Fishery products: evaluation of freshness, recognition of species of the main Chondrichthyes, bony fishes, molluscs and crustaceans of high commercial importance, inspection of fishery products. Official controls on fishery products.
Edible bivalve molluscs: classification of shellfish waters; purification of molluscs, packaging and inspection.
Milk: hygienic quality of raw milk, sanitary standards of dairy farms, official controls on raw milk.
Eggs: commercial classification grade A and B eggs. Packing for eggs, egg codes.
Hygiene in food plants. National Residues Plan. Audit and inspection activities by the official veterinarian in the food sector.

Bibliography

Sanita' Pubblica Veterinaria e Igiene degli Alimenti
Cenci Goga - Fermani - AAVV , Editore: Le Point Veterinaire ( 2014)

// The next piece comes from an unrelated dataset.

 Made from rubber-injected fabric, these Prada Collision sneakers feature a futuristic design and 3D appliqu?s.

Lezioni di igiene e controllo dei prodotti della pesca
di T. Civera Paolo Manzoni edito da CLU

Legislation of the European Union:
Regulation CE 178/2002
Regulation CE 852/2004
Regulation CE 853/2004
Regulation CE 1/2005
Regulation CE 2073/2005
Regulation CE 589/2008
Regulation CE 1069/2009
Regulation CE 1099/2009
Regulation CE 1169/2011
Regulation UE 217/2014
Regulation UE 219/2014
Regulation UE 1114/2014
Regulation UE 2017/625
Regulation UE 2019/624
Regulation UE 2019/627

Teaching methods

Frontal lessons, practical exercises, visits to slaughterhouses, as well as visits to a fish market.

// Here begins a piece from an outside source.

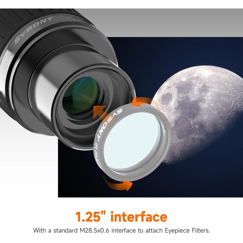 - Interfaz estándar de 1,25 pulgadas ; compatible con telescopios de 1,25 pulgadas y accesorios de filtro; diseño de ranura anticaída; evita eficazmente caídas accidentales durante el uso.

Assessment methods and criteria

Written test with open answers (duration of the test: 2 hours). Students with disabilities will be allowed three hours and will be able to use functional tools to conduct the examination. The weight of the individual questions, ten in number, is equal. Each answer is assigned a variable score from 0 (completely wrong or missing answer) to 3, for a total of 30 points. It is possible to attribute fractions of points to each answer (eg: 2.5 points). In case of excellent answers, the score can reach 30 with honor.
The results of the written test are communicated to the students by email. In the event of a mark just below sufficiency (16-17 / 30) the candidatecan be subjected to an oral exam to get a positive result.